It's funny, there are so many things i wanna write about but it's always me against myself, i just couldnt post it up, something is holding me back. they are just things i couldnt tell out to the whole world yet i wanna let it all out.
For a moment, i was thinking, was it because im afraid others would pass judgement on the statment i made?
Partly, but most of the time i just couldnt be bothered why do i even have to care about what others would think? yet there are occasions regarding special thing. it is these special things that if i were to express out it would cause and stir up alot of mixed feelings.

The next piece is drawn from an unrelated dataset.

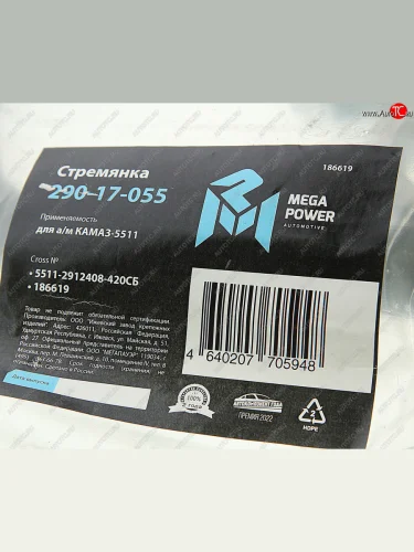 | Наименование | Стремянка КАМАЗ-5511 рессоры задней (10 тонн) L=420мм;М27х2мм усиленная в сборе MEGAPOWER MEGAPOWER 290-17-055 в Димитровграде Ульяновской области |

And yes, its not the first time ive encountered such a dilemma. i used to be in an attitude "ive got nothing to lose letting all these out". but now, pffft, i just couldnt ive a few personal setbacks i just couldnt be the way i was, no more. im no longer the fighter. Funny tho, id called others "scammer", yet i was once in those shoes.
Well, not the financial scammer, but, heh :P y'kno wat im talkin bout.
To tell you the truth, I felt the same again about this post, if i should even post this up. I am telling myself, i do, no point in hiding it no more. This is what i wanna say. I know it damn well when i feel this way. It has been years, how can this feeling go wrong?
Then again, why am i even writing all these? Fact is, I just dont want things to change the way they are now.
It's just simply because i couldn't help it but to tell you that i have fallen for the something in you that is more than what beauty can attract, it is simply indescribable.
Just don't ask me Who? What? Where? When? How?